Almost instantly, Apolline was on her feet and lunging at the bars, snatching for the dust. Tori stepped back out of reach, hiding it in her closed fist. “You want it, you find a way to communicate. I’ll ask you yes or no questions. You can manage that much.”
Another thread of emotion from her: regret. She didn’t enjoy being cruel to Apolline, but the rogue slayer had been close to Thraustila for months now. If we wanted to know what he was doing now without his son and daughters, this was the way to find out.
“Were you there? Were you going to watch him murder her?” Tori’s voice had gone tight.
Apolline scowled, open her mouth and grimaced, then nodded.
“You...” Tori took a deep breath and cut herself short. “When you met Thraustila, was it for the dust?”
Apolline hesitated, then shook her head.
“Did you want him to Make you?”
Another shake.
“Why, then? What could he have done for you otherwise- besides give you all the blood sport your shriveled little heart could want?”
Apolline’s lip curled, but her eyes were focused on Tori’s fist. She pressed a swollen, scratched hand to her chest, patted her heart,
then raised it to her head and made a twinkling motion near her ear. I realized she was trying to mime music. A song.
Everyone else came to the same conclusion. Càel was not nearly as reticent about holding back his feelings as Tori was.
“You are not his bloodsinger,” he said flatly. “No vampire would treat their singer like this.

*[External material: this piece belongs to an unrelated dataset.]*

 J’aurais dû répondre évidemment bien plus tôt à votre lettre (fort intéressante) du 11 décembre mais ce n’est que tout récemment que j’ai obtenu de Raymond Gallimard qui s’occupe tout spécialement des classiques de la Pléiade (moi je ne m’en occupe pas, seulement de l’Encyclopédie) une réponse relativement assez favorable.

He told you what you wanted to hear, and you ate it up.” Apolline’s face fell, tears welling in her eyes.
“All this, just because you wanted to be someone important.” Tori’s lips had thinned in her anger. “Fine. I know you’ve seen Thraustila’s warehouse in the subway tunnels. Have you seen more of it than that?”

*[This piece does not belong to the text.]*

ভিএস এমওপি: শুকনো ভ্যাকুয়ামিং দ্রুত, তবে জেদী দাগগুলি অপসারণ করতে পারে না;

Apolline nodded, resting her forehead glumly on the bars of her cell.
“Have you been to the Cerberian Gate?”
This time the captive shuddered when she nodded, and it wasn’t just a withdrawal shiver. Cerberian Gates weren’t really a pretty sight at the best of times.
“Is that warehouse his only storage?” A nod.
“Is Gwendoline still around?” Another nod.
“Does he have Fae working for him?”
This time Apolline paused before she shook her head, but the resignation in her eyes told us she was truthful. The only Fae Thraustila had were the ones he was farming out for dust.
Tori expelled a breath. “Is he still in the Clouded Court?” Apolline nodded, and she shut her eyes when Tori asked her the next question. “Will he come for you?”
She shrugged. It was a hopeless little slump of her shoulders that said everything.
“She’s confirmed nothing we don’t already know.” Morgrainne’s rasp cut through the tension. “Let me in. I’ll get her talking again.”
Apolline backed away until her legs hit the edge of her cot.
“We can’t torture people, Morgrainne.” Tori looked at Apolline thoughtfully. “I don’t think Christian and Ophiel would’ve had much faith in me if that’s how I was going to begin my reign. Has Mater Dolorum healed you yet?”
Apolline realized Tori had asked her something and shook her head, still eyeing Morgrainne.